WORKING DATA Block Start
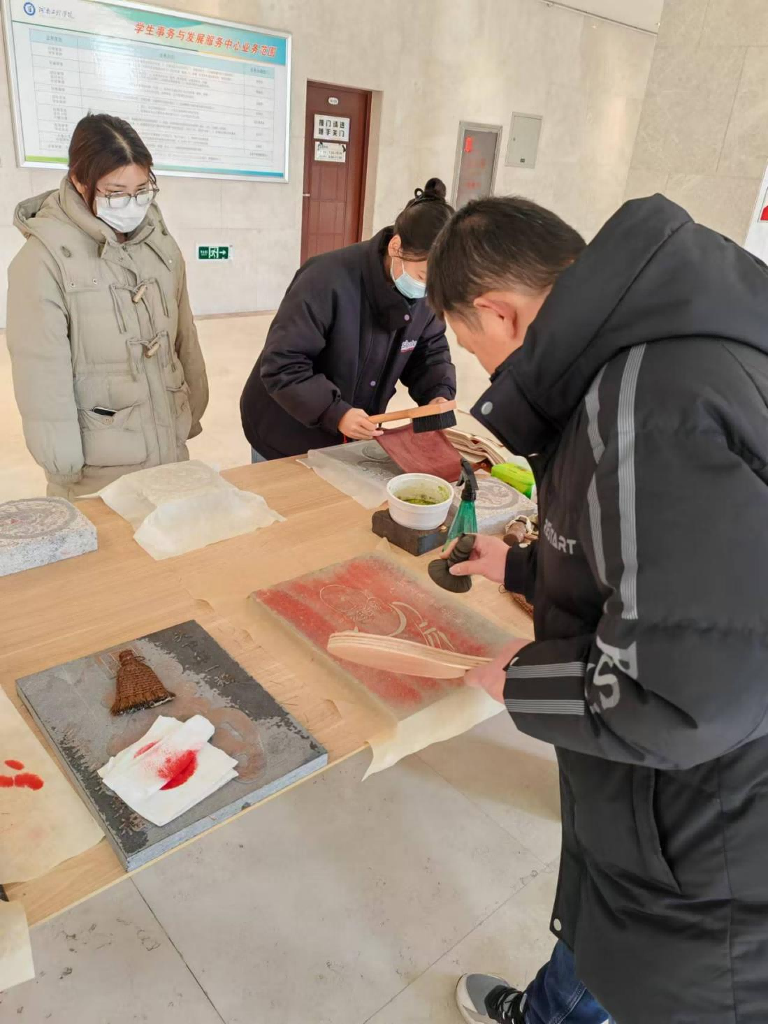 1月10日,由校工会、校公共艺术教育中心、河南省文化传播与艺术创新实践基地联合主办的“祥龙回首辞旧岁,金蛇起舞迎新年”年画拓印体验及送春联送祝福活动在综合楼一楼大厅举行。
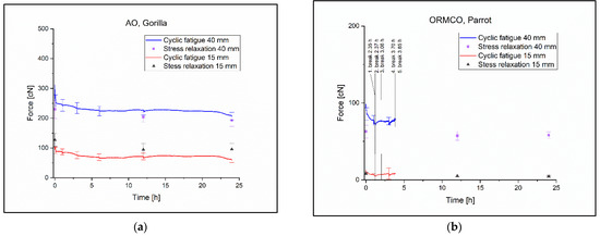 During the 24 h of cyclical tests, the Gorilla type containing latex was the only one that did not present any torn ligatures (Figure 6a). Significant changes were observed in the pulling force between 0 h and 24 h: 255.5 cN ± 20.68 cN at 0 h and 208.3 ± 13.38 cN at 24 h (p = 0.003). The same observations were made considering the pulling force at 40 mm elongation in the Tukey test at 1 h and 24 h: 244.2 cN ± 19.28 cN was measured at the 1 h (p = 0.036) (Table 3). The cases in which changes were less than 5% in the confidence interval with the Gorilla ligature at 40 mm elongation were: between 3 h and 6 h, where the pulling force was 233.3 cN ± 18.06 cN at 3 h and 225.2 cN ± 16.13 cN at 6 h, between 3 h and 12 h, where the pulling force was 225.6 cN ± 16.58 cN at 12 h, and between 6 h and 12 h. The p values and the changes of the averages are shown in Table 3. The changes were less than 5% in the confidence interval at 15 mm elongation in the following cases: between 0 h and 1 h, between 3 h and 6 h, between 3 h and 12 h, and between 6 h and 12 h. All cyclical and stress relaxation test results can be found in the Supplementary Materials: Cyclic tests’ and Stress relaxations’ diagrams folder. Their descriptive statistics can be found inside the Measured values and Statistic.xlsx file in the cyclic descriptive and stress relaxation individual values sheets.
WORKING DATA Block End
WORKING DATA Block Start
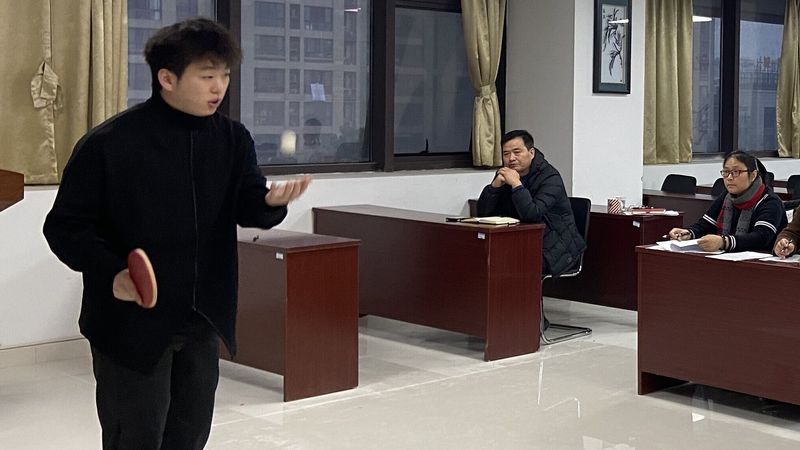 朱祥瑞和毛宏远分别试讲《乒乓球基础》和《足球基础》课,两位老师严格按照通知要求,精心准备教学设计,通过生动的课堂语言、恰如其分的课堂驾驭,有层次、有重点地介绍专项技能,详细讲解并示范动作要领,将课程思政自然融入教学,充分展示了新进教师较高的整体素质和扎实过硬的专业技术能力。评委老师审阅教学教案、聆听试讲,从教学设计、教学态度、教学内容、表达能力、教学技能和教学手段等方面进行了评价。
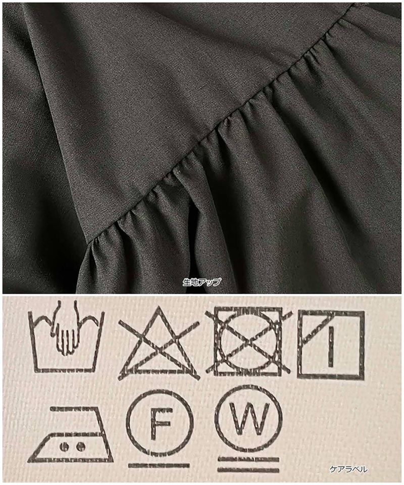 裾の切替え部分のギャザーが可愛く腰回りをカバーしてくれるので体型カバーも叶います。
WORKING DATA Block End
WORKING DATA Block Start
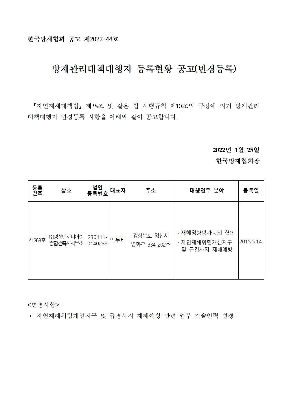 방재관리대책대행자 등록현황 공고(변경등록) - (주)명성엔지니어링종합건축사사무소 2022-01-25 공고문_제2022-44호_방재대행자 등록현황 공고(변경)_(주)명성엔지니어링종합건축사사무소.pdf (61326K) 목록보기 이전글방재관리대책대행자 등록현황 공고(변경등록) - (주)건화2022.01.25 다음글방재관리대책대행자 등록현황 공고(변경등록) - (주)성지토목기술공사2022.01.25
WORKING DATA Block End
PROBLEM
Look above for the line containing "朱祥瑞和毛宏远分别试讲《乒乓", then write out every line from there down to the line containing "裾の切替え部分のギャザーが可", that line included, with no pictures.

ANSWER SECTION
 朱祥瑞和毛宏远分别试讲《乒乓球基础》和《足球基础》课,两位老师严格按照通知要求,精心准备教学设计,通过生动的课堂语言、恰如其分的课堂驾驭,有层次、有重点地介绍专项技能,详细讲解并示范动作要领,将课程思政自然融入教学,充分展示了新进教师较高的整体素质和扎实过硬的专业技术能力。评委老师审阅教学教案、聆听试讲,从教学设计、教学态度、教学内容、表达能力、教学技能和教学手段等方面进行了评价。
 裾の切替え部分のギャザーが可愛く腰回りをカバーしてくれるので体型カバーも叶います。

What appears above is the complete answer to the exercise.